XADAGO may cause hypertension or exacerbate existing hypertension. In clinical trials, the incidence of hypertension was 7% for XADAGO 50 mg, 5% for XADAGO 100 mg, and 4% for placebo. Monitor patients for new onset hypertension or hypertension that is not adequately controlled after starting XADAGO. Medication adjustment may be necessary if elevation of blood pressure is sustained.

Monitor for hypertension if XADAGO is prescribed concomitantly with sympathomimetic medications, including prescription or nonprescription nasal, oral, and ophthalmic decongestants and cold remedies [see Drug Interactions (7.5)] .

XADAGO is a selective inhibitor of MAO-B at the recommended dosages of 50 mg or 100 mg daily. Selectivity for inhibiting MAO-B decreases above the recommended daily dosages [see Clinical Pharmacology (12.2)] . Therefore, XADAGO should not be used at daily dosages exceeding those recommended because of the risks of hypertension, exacerbation of existing hypertension, or hypertensive crisis.

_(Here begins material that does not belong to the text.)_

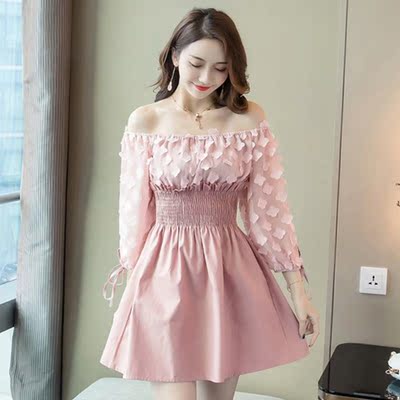 Váy ngủ nữ vai một mảnh 2018 mùa thu mới gió ngọt Nhật Bản khâu màu tương phản Một chiếc váy siêu cổ tích - A-Line Váy mẫu đầm xòe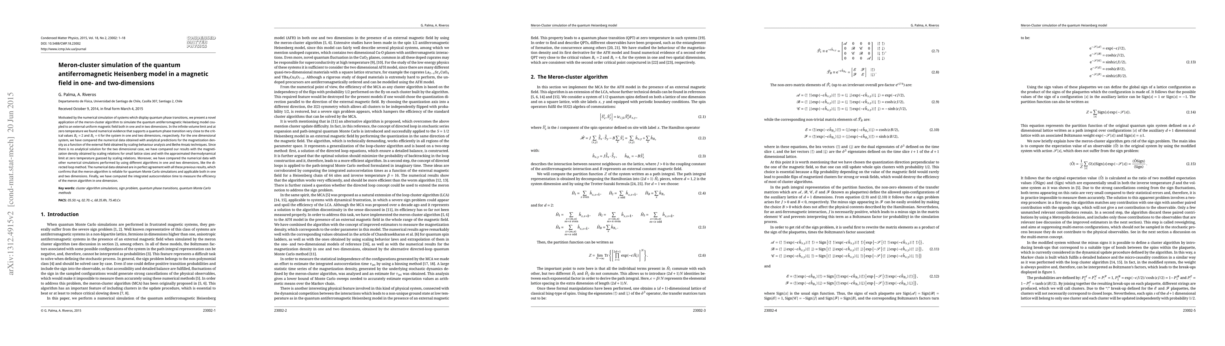 This paper applies the meron-cluster algorithm to simulate the quantum antiferromagnetic Heisenberg model in one and two dimensions under an external magnetic field, finding numerical evidence of quantum phase transitions near critical field values. The results are consistent with analytical predictions and other numerical simulations, confirming the algorithm's reliability.

Dietary tyramine restriction is not required during treatment with recommended doses of XADAGO. However, use with certain foods that contain very high amounts (i.e., more than 150 mg) of tyramine could cause severe hypertension, resulting from an increased sensitivity to tyramine in patients taking recommended dosages of XADAGO, and patients should be advised to avoid such foods.

Isoniazid has some monoamine oxidase inhibiting activity. Monitor for hypertension and reaction to dietary tyramine in patients treated concomitantly with isoniazid and XADAGO [see Drug Interactions (7.1, 7.6)] .

5.2 Serotonin Syndrome

The development of a potentially life-threatening serotonin syndrome has been reported in patients on concomitant treatment with MAO inhibitors (including selective MAO-B inhibitors), serotonin-norepinephrine reuptake inhibitors (SNRIs), tricyclic antidepressants, tetracyclic antidepressants, triazolopyridine antidepressants, cyclobenzaprine, opioid drugs (e.g., meperidine and meperidine derivatives, propoxyphene, tramadol), and methylphenidate, amphetamine, and their derivatives. Concomitant use of XADAGO with these drugs is contraindicated.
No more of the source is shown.